We can be honest that we do sometimes grow weary. Dismayed, distressed, depressed, defeated, forlorn – or just complacent (in the words of a Kris Kristofferson song, “I get lazy, and forget my obligations.”)
This is why it is so good and important to return to the wellspring of our faith and the deep roots of wisdom in our tradition that have seen folks through thick and thin.
This is why faith is a practice. Part of that practice is returning, again and again, to simply doing the next right thing we can find to do, for the benefit of all – whether we feel like it or not.
It helps to continue to remind ourselves that we are in no position to stand in judgment of others or to feel resentful, for we too do things that trash the greater good, we too have benefitted from others cleaning up our messes, we too have relied on free gifts and undeserved generosity of others. Above all we benefit from the gift of grace from God, which we don’t earn by doing the right things or believing the right things or being the right kind of person, but we simply receive as we are – regardless of merit – due to the unconditional love of our God.
When we let this grace into our hearts, it helps us to “be merciful as your Creator is merciful,” as Jesus said. When we let this into our hearts, it helps us to “give to everyone who asks of you,” as Jesus taught. When we let this into our hearts, it helps us to do our duty for the greater good, even if it feels lonely, even when it doesn’t seem like there are enough other people who care.

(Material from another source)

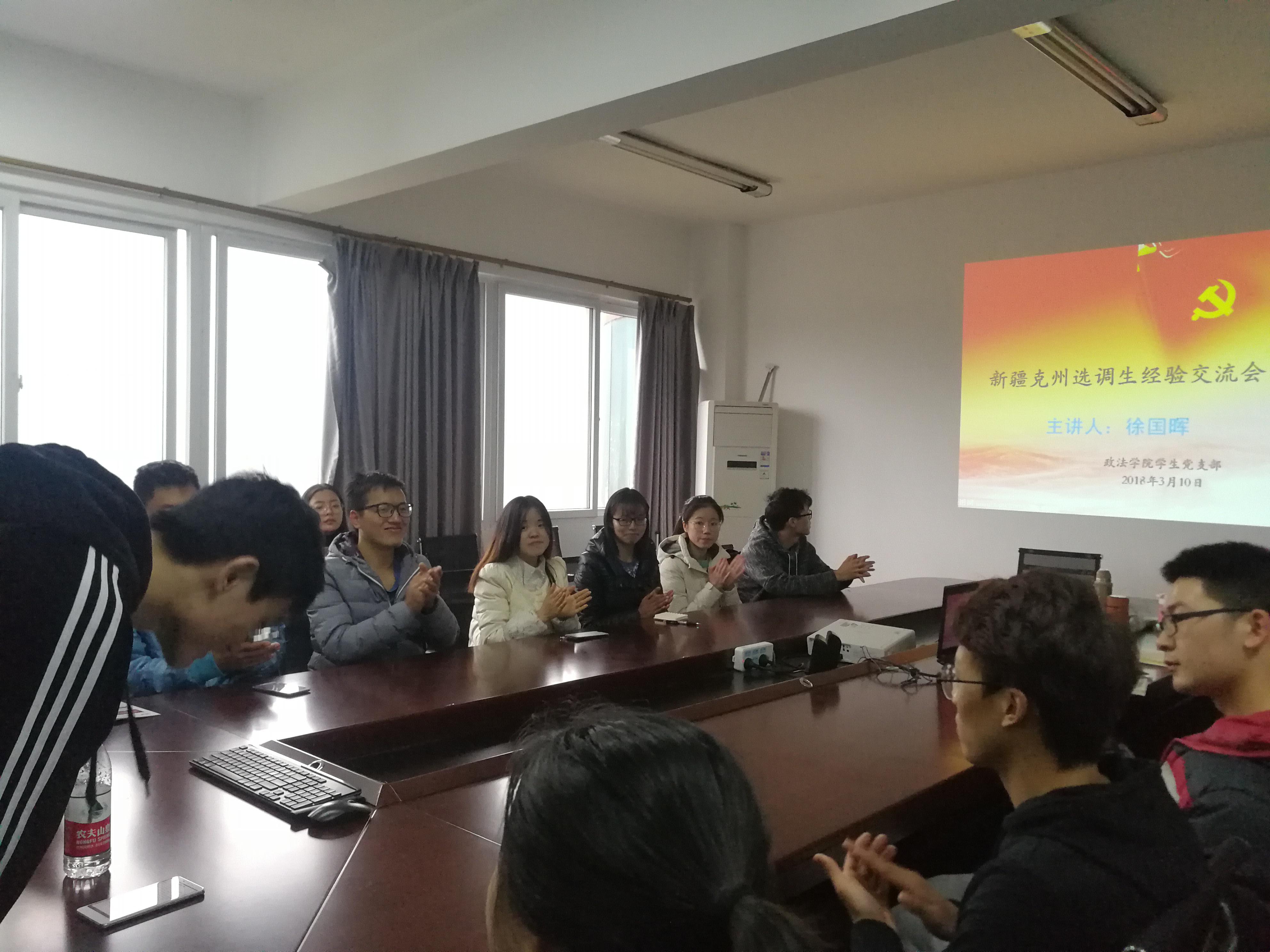 3月10日下午3时,学生党支部在611会议室举行了新疆克州选调生经验交流会,学生党支部书记张善喜及20余名学生党员、积极分子参会。

You see that this is about far more than just picking up thy neighbor’s litter, or stomping on bugs that threaten our trees, as important as those are.

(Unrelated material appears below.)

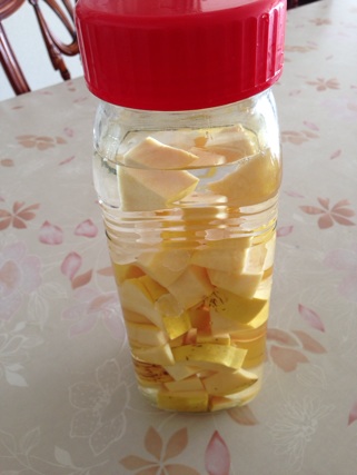 お湯で割って、はちみつを入れて。

Each of us here have something our heart, if we’re honest to God, that we feel morally convicted about it, called to do what is right for the good of all.
What work can you, can we join to do the right thing, the faithful thing, in the face at that moral crisis?
“Let us not grow weary.”
It helps to find those who have not grown weary and join them. Faith is contagious like that.
So let me offer one last example of folks who have not grown weary in doing what is right:
This past few of weeks I have been fortunate to connect with our partners at the Great Valley Food Cupboard, where we donate the veggies we raise in our church garden; and with the good folks at Alianzas, whose food pantry we collect donations for, which serves immigrant communities in Chester County; and the folks coordinating the service ministries at our sibling church, Old First UCC, who are now welcoming new residents into their supportive housing they just built for folks coming out of the experience of homelessness. Also, the past couple of weeks Rachel and I have both done some volunteering for the Northwest Philadelphia Mutual Aid Collective, which collects and distributes food for seniors, folks with disabilities, and low income folks in ours and surrounding neighborhoods.
I’ll tell you, my faith is strengthened just by being around these strong and humble souls who are just doing the good work week in, week out. I’ll also tell you, every single person I spoke with who helps with these various efforts, in one way or another, talked about how much more difficult their work has gotten this year, how much greater the need and harder it is to access aid. They each were clear sighted that there is every reason to expect that it will very likely get worse for the vulnerable populations with whom they work. Yet, to the person, they did not show a shadow of despair about it, but only greater determination. These are tough souls, who have done the good work through many seasons, and are resolved to continue through the seasons to come. These are folks of strong and clear faith with the unwavering practice of simply doing the next right thing, for the benefit of all.
I thank God for them, I thank God for you all. I thank God that we are never alone, but always have Jesus to guide us and the saints to encourage us.
Thanks be to God.
Delivered Sunday, August 3, 2025, by Rev. Nathaniel Mahlberg, at the United Church of Christ at Valley Forge.